ATI RN
Cardiovascular System Exam Questions Pdf
1. Which neurotransmitter is released by the sympathetic nervous system (SNS) to increase heart rate and the force of contraction of the heart?
- A. Norepinephrine
- B. Epinephrine
- C. Dopamine
- D. Acetylcholine
Correct answer: A
Rationale: The correct answer is Norepinephrine. Norepinephrine is the neurotransmitter released by the sympathetic nervous system that increases heart rate and the force of contraction. Epinephrine, though similar, is more involved in the fight-or-flight response and has a broader range of effects on various organs. Dopamine is not primarily responsible for increasing heart rate and contractility. Acetylcholine is a neurotransmitter that predominantly acts on the parasympathetic nervous system to decrease heart rate and contractility.
2. Which term refers to the ability of the heart to initiate impulses repetitively and spontaneously?
- A. Contractility
- B. Excitability
- C. Automaticity
- D. Rhythmicity
Correct answer: C
Rationale: The correct answer is C: Automaticity. Automaticity is the specific term used to describe the heart's ability to generate impulses repetitively and spontaneously. Contractility (A) refers to the ability of muscle fibers to contract, not the initiation of impulses. Excitability (B) is the ability of cells to respond to stimuli but is not specific to the heart's impulse generation. Rhythmicity (D) is a related term but does not specifically describe the heart's spontaneous impulse initiation.

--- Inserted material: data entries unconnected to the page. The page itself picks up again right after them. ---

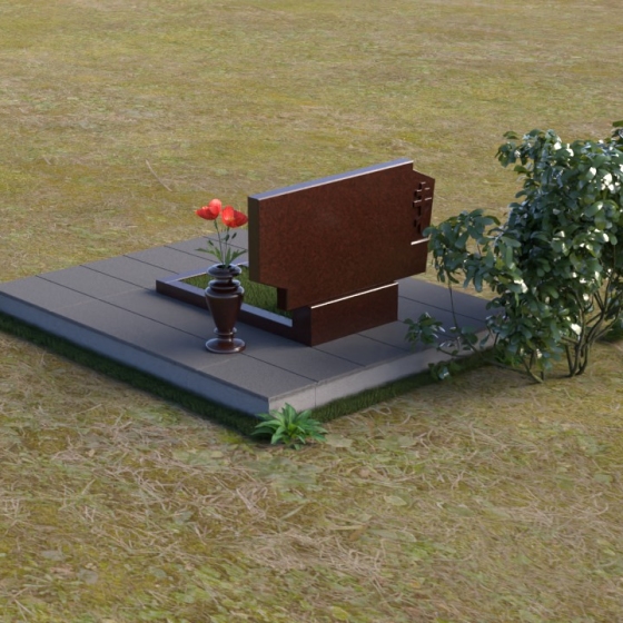 Геометрия модели продумана до мелочей. От основания, надежно опирающегося на землю, взгляд плавно поднимается вверх, к вершине стелы. Прямоугольная подставка создает ощущение стабильности и незыблемости. Надгробная плита, выполненная в едином стиле со стелой, служит местом для возложения цветов и памятных вещей. Завершает композицию изящная ваза, предназначенная для живых или искусственных цветов, символизирующих неувядающую память и любовь.
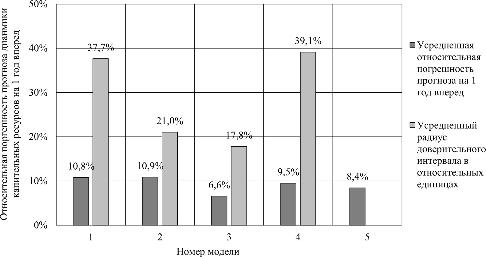 Для окончательного выбора математической модели, описывающей динамику капитальных ресурсов, была проведена оценка погрешностей ретроспективных прогнозов динамики капитальных ресурсов по моделям (2)–(5) на основе статистических данных за 20 лет с прогнозом на 1 год вперед. Усредненные значения относительных погрешностей прогнозов и усредненные радиусы доверительных интервалов в относительных единицах графически отображены на рис. 1 в сравнении с методом Брауна (модель под номером 5) [2, 3].
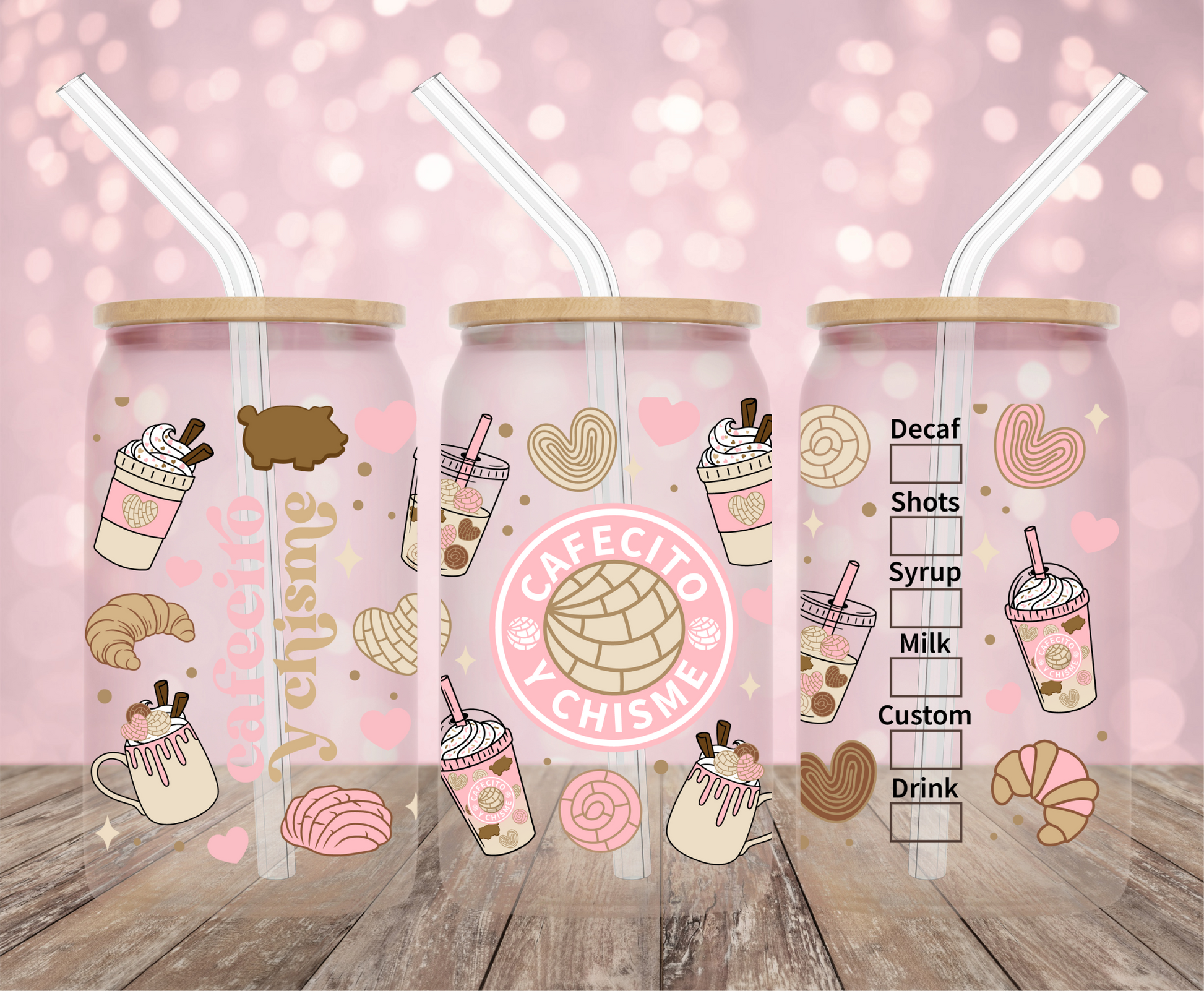 This listing is for one (1) UV DTF adhesive cup wrap for a 16oz Glass Cup size. (cup is not included)
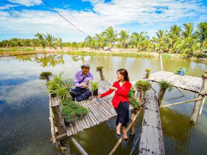 Rời Mỹ Tho, xe đưa Quý khách đến với huyện Mỏ Cày Nam – Bến Tre. Quý khách lên tàu để bắt đầu hành trình khám phá:
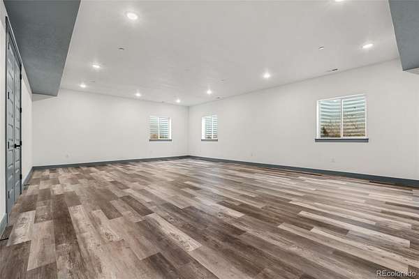 The fully finished basement features 10-foot ceilings, giving the lower level the same open, airy feel as above — ideal for a home theater, gym, game room, or multigenerational living space.
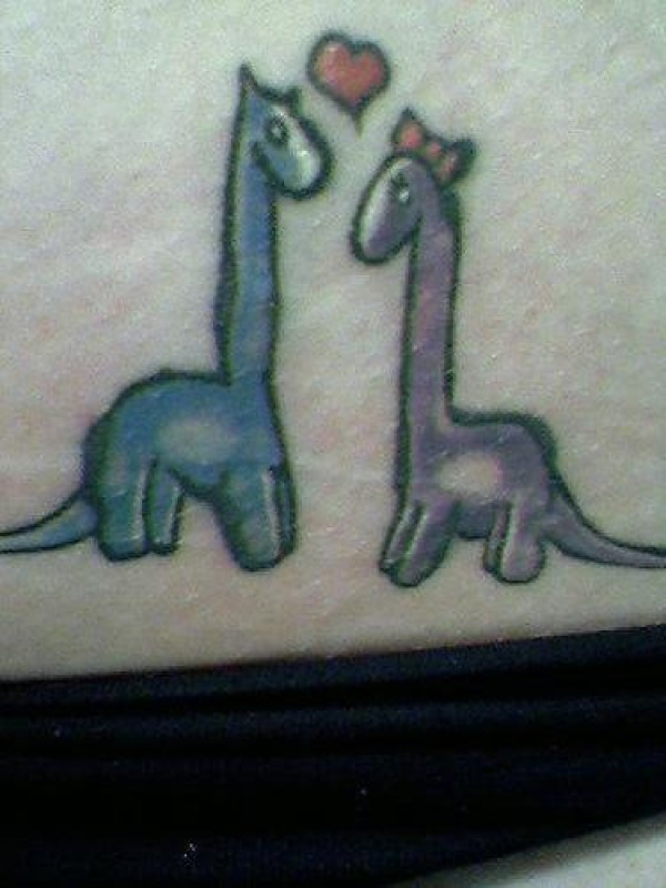 腹部彩色卡通恐龙爱纹身图案
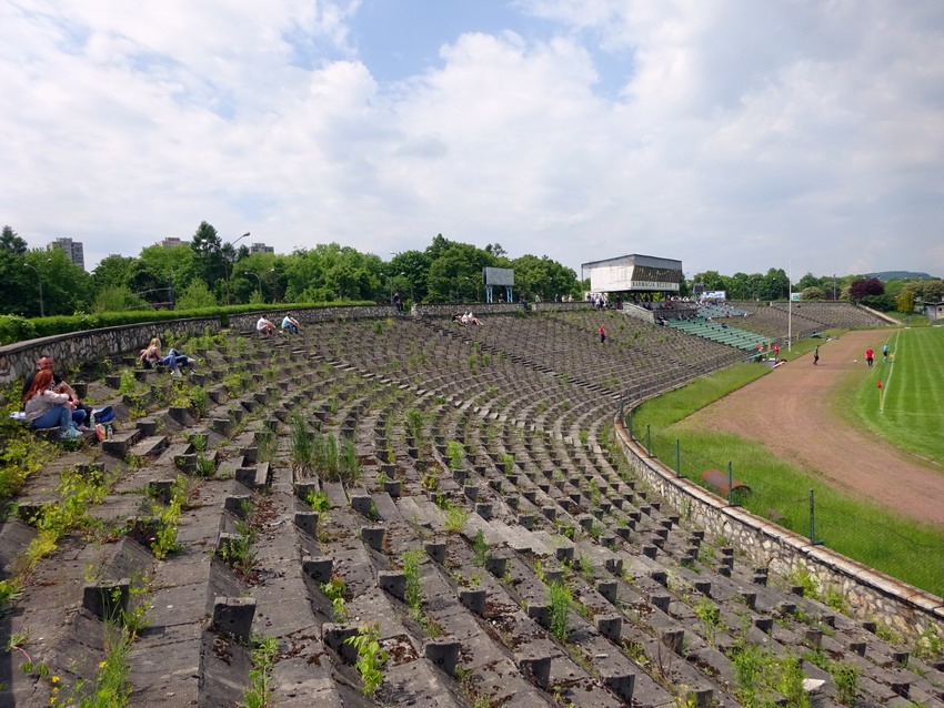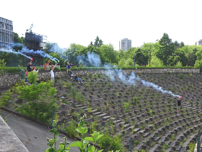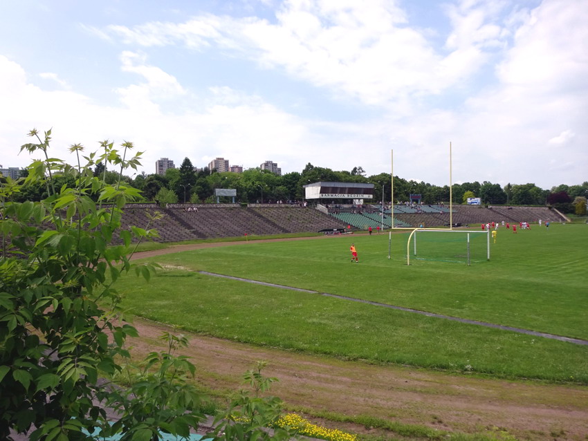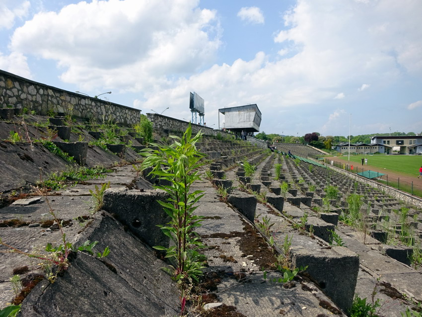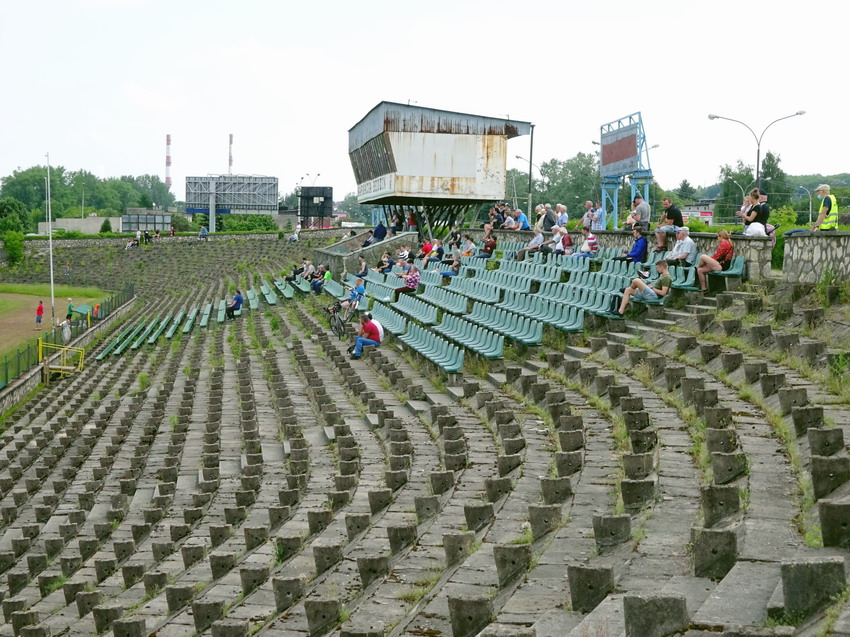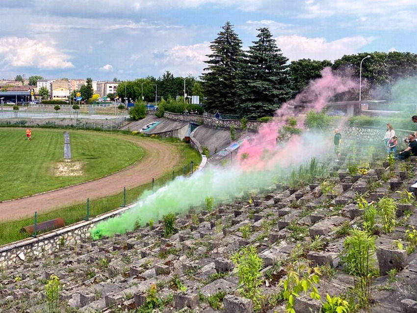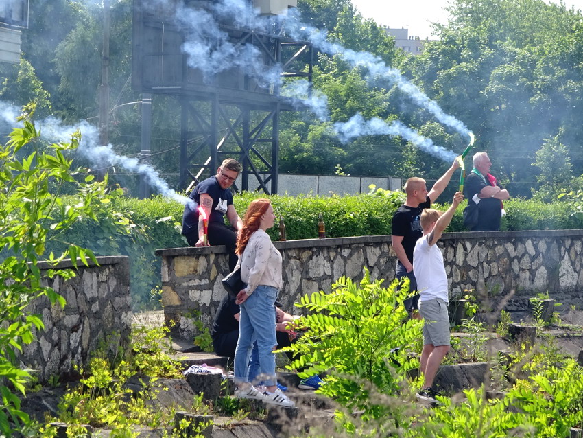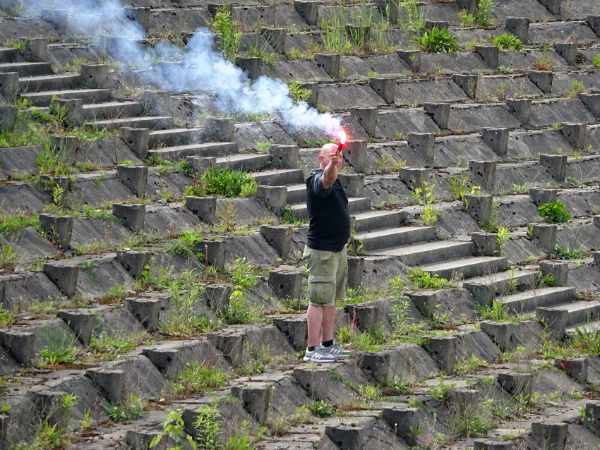 Und so war dann die Reisegruppe um viertel nach zehn wieder vereint. Die beiden Kölner sammelten mich planmäßig am Autobahnzubringer ein, wo ich mich per Taxi hinbegeben hatte. Etwas mehr als zwei Stunden später kamen wir in Bedzin an, etwas nordöstlich von Katowice gelegen. Nicht unerwartet trafen wir dort auf weitere bekannte wie auch unbekannte Gesichter der Bewegung. Kein Wunder, Spiele um die Mittagszeit gab es nicht viele und diese Ground-Perle zog die Leute magisch an, obwohl ihr die Gegenseite amputiert wurde. Anstatt einer betagten und von den Jahrzehnten gezeichneten Tribüne steht dort nun eine Halle, die welchem Zweck auch immer dient. Aber auch so lässt dieses Stadion die Herzen höherschlagen. Absoluter Hingucker ist der alte Sprecher-Turm, ein Relikt aus einer vergangenen Fußball-Epoche. Dabei hat das Stadion gerade einmal etwas mehr als 50 Jahre auf dem Buckel, wirkt aber doppelt so alt, zumal die Natur an einigen Stellen begonnen hat, sich verlorenes Terrain zurückzuholen. Kleiner Fun-Fact am Rande – zur Eröffnung des Stadions trat der SV Werder gegen Polonia Bytom an. Samarcja schaffte es im letzten Jahrhundert nie höher als einige Jahre auf drittklassiges Niveau. Dass dieser Kawenzmann von Stadion seinerzeit errichtet wurde, ist nicht dem Fußball geschuldet, sondern der multiplen Nutzung, welche das weite Rund erfahren sollte. Aktuell spielt Samarcja fünftklassig und wird diese Liga aller Voraussicht nach am Ende dieser Saison verlassen. Allerdings nach unten. Mit einem Sieg gegen Szombierki wurde der Funke Hoffnung aber noch am Leben gehalten. Den Sieg im letzten Heimspiel der Saison feierten die wenigen Kibice mit ein wenig Pyro.

3. The client is on warfarin and has an INR of 1.5. What is the nurse’s priority action?
- A. Increase the dose of warfarin.
- B. Hold the next dose of warfarin.
- C. Continue the current dose of warfarin.
- D. Monitor the client’s INR closely.
Correct answer: B
Rationale: An INR of 1.5 is below the therapeutic range for a client on warfarin, indicating that the client may be at risk of clot formation. The nurse's priority action should be to hold the next dose of warfarin to prevent further reduction of the INR. Increasing the dose could potentially lead to an increased risk of bleeding, and continuing the current dose may not be sufficient to bring the INR within the therapeutic range. Monitoring the client's INR closely is important but not the priority action in this scenario.
4. Which type of lung cancer is strongly associated with exposure to asbestos?
- A. Mesothelioma
- B. Adenocarcinoma
- C. Squamous cell carcinoma
- D. Small cell lung cancer
Correct answer: A
Rationale: The correct answer is Mesothelioma. This type of lung cancer is indeed strongly associated with exposure to asbestos, affecting the lining of the lungs or abdomen. Adenocarcinoma, Squamous cell carcinoma, and Small cell lung cancer are not primarily linked to asbestos exposure, making them incorrect choices for this question.
5. Which disease is characterized by the damage to the alveoli in the lungs, leading to breathlessness?
- A. Emphysema
- B. Pulmonary fibrosis
- C. Lung cancer
- D. Lung abscess
Correct answer: A
Rationale: The correct answer is A, Emphysema. Emphysema is a lung condition characterized by the damage to the air sacs (alveoli) in the lungs, which results in breathlessness and reduced lung function. Pulmonary fibrosis (B) is a condition where lung tissue becomes damaged and scarred, leading to stiffness in the lungs. Lung cancer (C) is a malignancy affecting the lungs, which can cause various symptoms depending on the stage. Lung abscess (D) is a localized collection of pus within the lung tissue, typically caused by a bacterial infection.